DATA LISTING section start
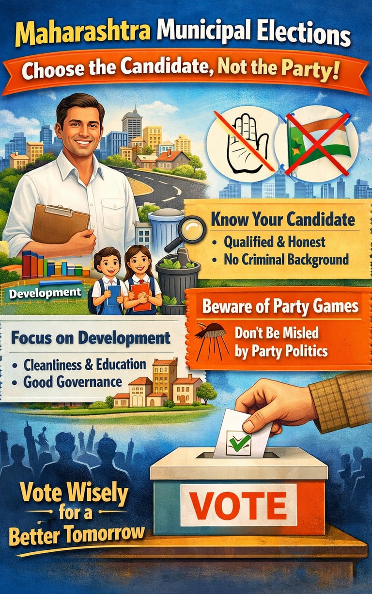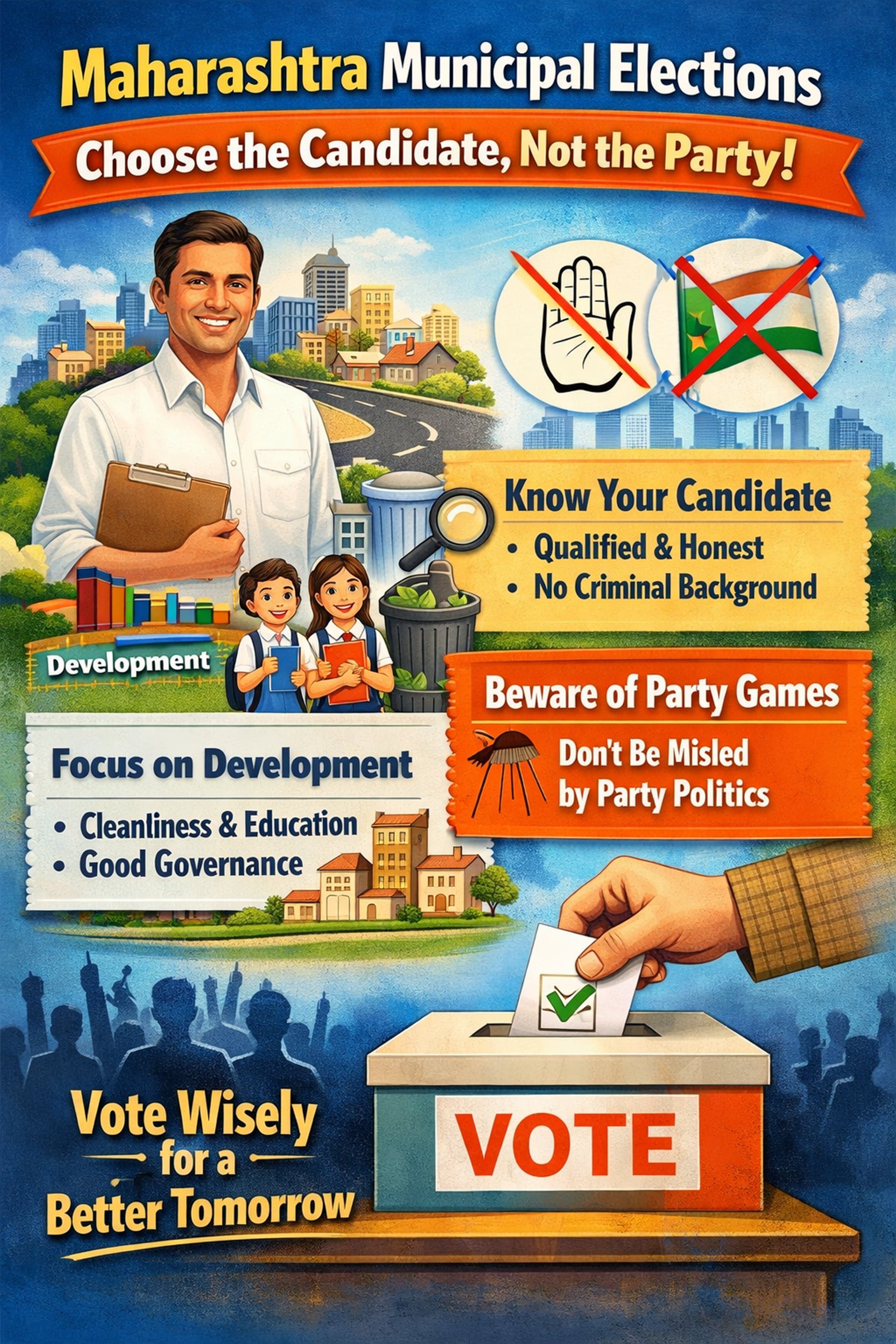 The Maharashtra municipal elections are a crucial moment for local democracy. These elections directly impact our daily lives—roads we use, cleanliness in our neighbourhoods, quality of local schools, water supply, waste management, and overall civic governance. Yet, despite their importance, municipal elections are often treated as a party-driven contest rather than a people-driven choice. This mindset needs to change.
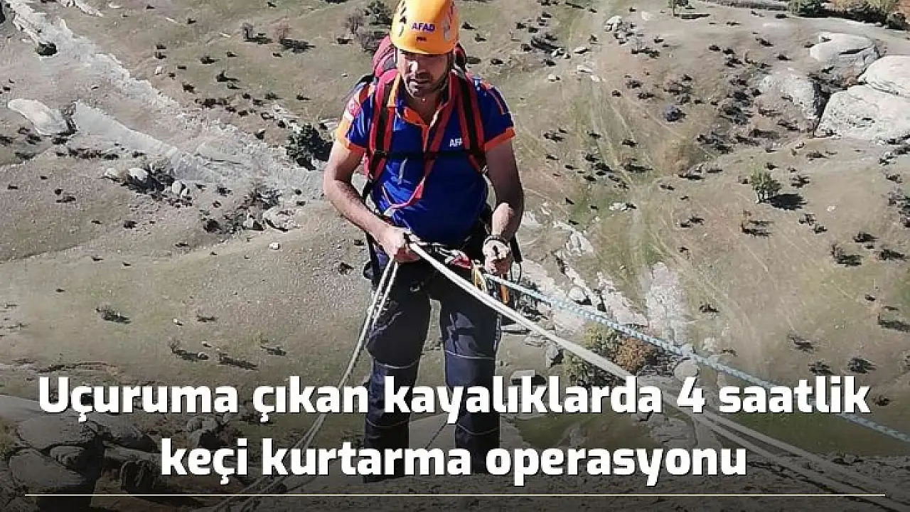 Uçuruma çıkan kayalıklarda 4 saatlik keçi kurtarma operasyonu
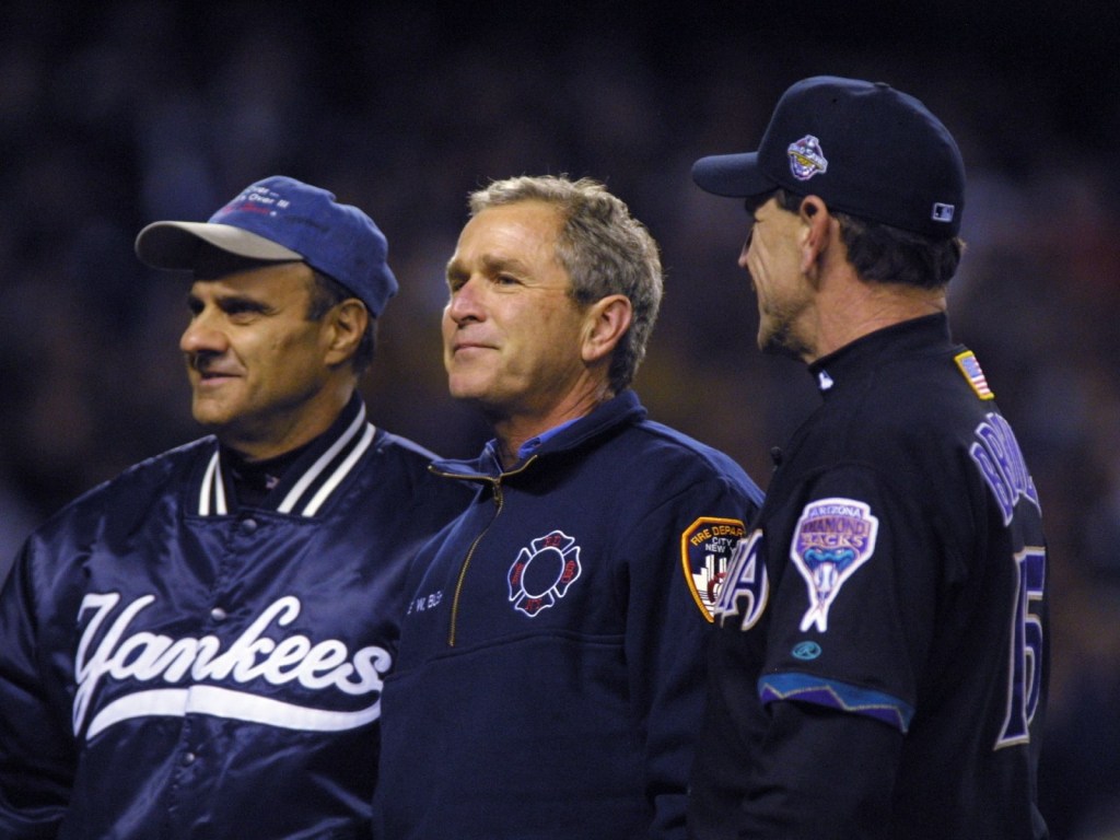 I remember being in the stands when President Bush landed via helicopter and those choppers were flying around the Stadium before Game Three as the President was land by the Press Gate for a historical first pitch. It was a surreal feeling as was that entire series following September 11th. I mean for the President to throw that pitch for a perfect strike was quite divine and itself a moment of healing and unity for NYC and America!
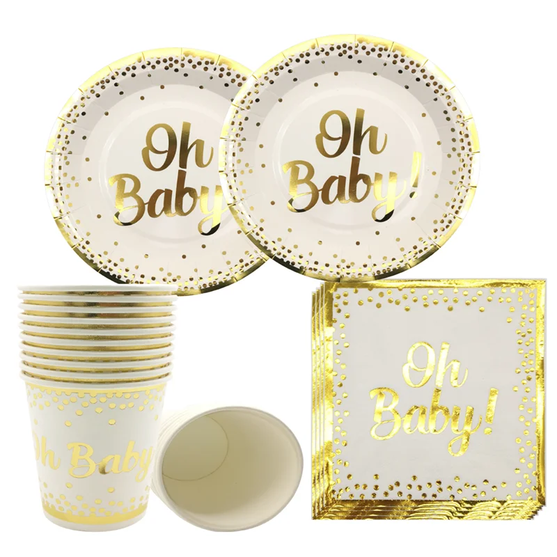 Chicinlife золото oh детская одноразовая посуда бумажные стаканчики салфетки крестины крещение детский душ вечерние украшения день рождения
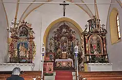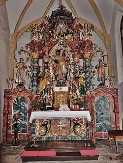 Auf dem barocken Hochaltar mit Opfergangsportalen stehen die Figuren der Heiligen Michael, Barbara, Matthäus, Notburga und Isidor. Die Figurengruppe im Aufsatz zeigt die Krönung Mariens. Der Altar wurde 1755 erbaut und 1972 restauriert.
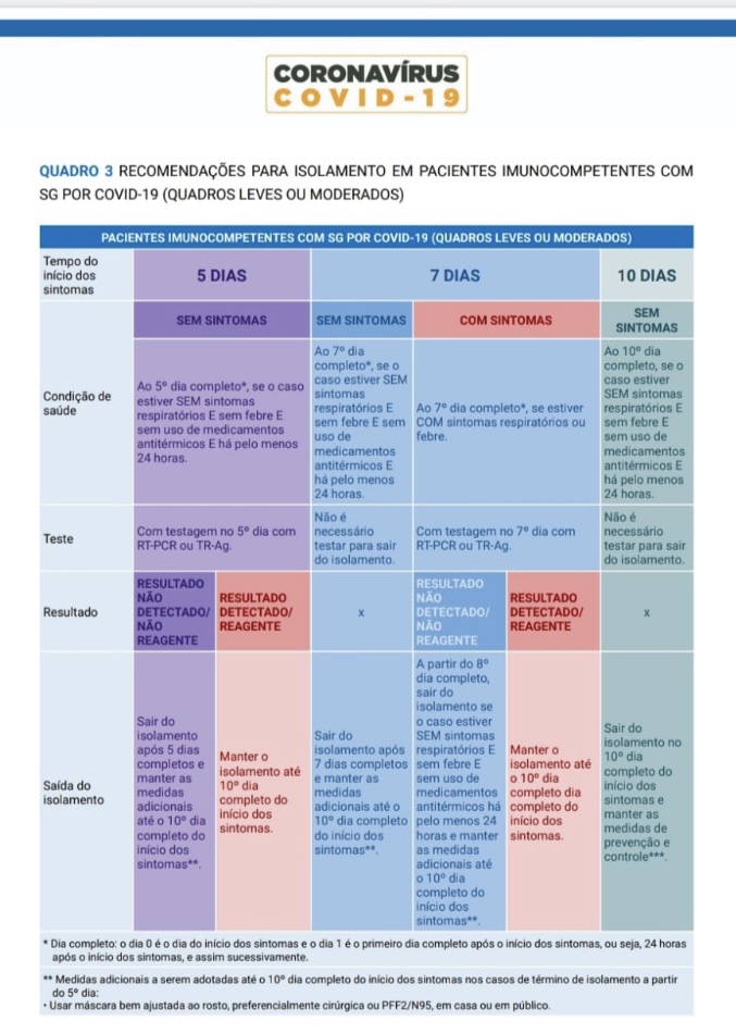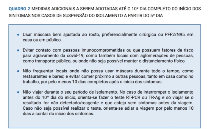 O Ministério da Saúde orienta que caso a pessoa que adquiriu a doença esteja assintomática há 24h, sem febre e sem uso de medicações e que teste negativa por RT-PCR ou Teste de Antígenos no 5º dia do quadro (sendo o dia 1 o primeiro dia dos sintomas), ela poderá sair do isolamento social. Respeitando as medidas do Quadro 2 abaixo.
DATA LISTING section end
[PROBLEM STATEMENT] Nothing but the lines from the one holding "Auf dem barocken" through the last line of the entries should be written out, exactly and inclusively, minus the pictures.

[SOLUTION FOR THIS EXERCISE]
 Auf dem barocken Hochaltar mit Opfergangsportalen stehen die Figuren der Heiligen Michael, Barbara, Matthäus, Notburga und Isidor. Die Figurengruppe im Aufsatz zeigt die Krönung Mariens. Der Altar wurde 1755 erbaut und 1972 restauriert.
 O Ministério da Saúde orienta que caso a pessoa que adquiriu a doença esteja assintomática há 24h, sem febre e sem uso de medicações e que teste negativa por RT-PCR ou Teste de Antígenos no 5º dia do quadro (sendo o dia 1 o primeiro dia dos sintomas), ela poderá sair do isolamento social. Respeitando as medidas do Quadro 2 abaixo.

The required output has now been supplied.